There have been rumours this summer that Apple might buy Mistral. Some other European AI start-ups have already sold out to US companies, such as Finland’s Silo AI, which the US chipmaker AMD bought last year for $665mn.
But European governments and industrial companies are desperate to preserve a regional AI champion that does not ship data to the US. “The strategy has always been to keep Mistral as an independent company,” Paul Murphy, partner at US venture capital firm Lightspeed who sits on Mistral’s board, tells me.
It is clear that European AI companies cannot mobilise the same volume of money as their US rivals, for whom capital is a strategy.
Last week, Anthropic raised $13bn at a valuation of $183bn. Tech news site The Information reported that OpenAI was projecting it would burn through $115bn of cash by 2029. OpenAI has also been discussing a secondary share sale valuing the company at $500bn. Its chief executive, Sam Altman, has said that the ChatGPT developer might become the “most capital-intensive start-up” in Silicon Valley history.
The local capital available to tech start-ups in Europe is a fraction of that in the US. In his European competitiveness report, published a year ago, Mario Draghi called for an €800bn a year boost to investment to stop the region falling further behind the US and China.
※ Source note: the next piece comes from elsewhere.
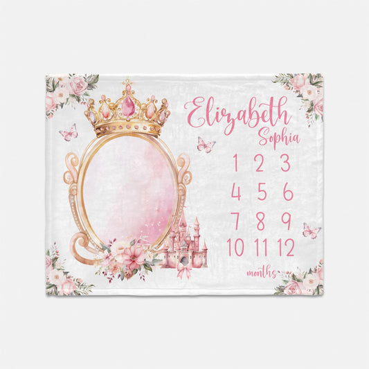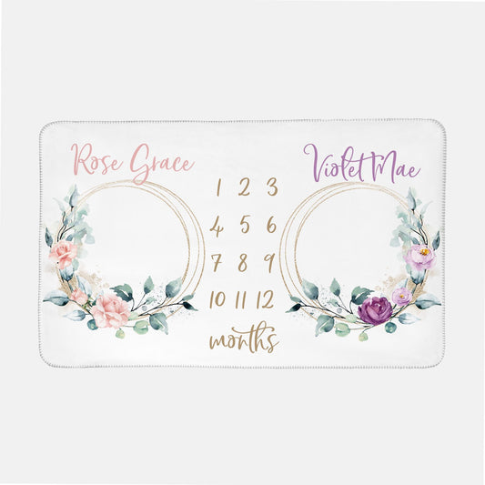 Rose Twin Baby Milestone Blanket, Elegant Floral Girl

In particular, the former Italian prime minister highlighted how little European pension funds allocated to growth capital.
The same is true in the UK. In a speech last week, Anne Glover, chief executive of Amadeus Capital Partners, noted that pension funds in Britain and Ireland invested just 0.007 per cent of their assets in VC, compared with between 0.5 per cent and 2 per cent in North America. Increasing that share to 0.5 per cent would imply a 70-fold increase, transforming Britain’s tech sector.
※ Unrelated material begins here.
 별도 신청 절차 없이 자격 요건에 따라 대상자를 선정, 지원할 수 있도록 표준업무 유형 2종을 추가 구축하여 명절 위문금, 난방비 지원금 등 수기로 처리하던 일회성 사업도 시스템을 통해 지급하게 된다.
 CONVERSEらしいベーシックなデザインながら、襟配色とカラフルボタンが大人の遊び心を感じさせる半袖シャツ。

Mistral, which regards itself as a global company, has not struggled to attract VC investment, especially from the US, and has put it to good use. “Mistral has been exponentially more capital efficient than other labs,” says Murphy.
Its focus on developing open-source AI models and targeting enterprise customers also distinguishes it from most US competitors. To date, Mistral has generated €1.4bn of total contract value, not bad for a two-year-old company. Mistral cannot hope to compete with US rivals when it comes to tapping into the AI investment bubble and splashing the cash. But, now with the support of ASML, it makes sense to play its own game.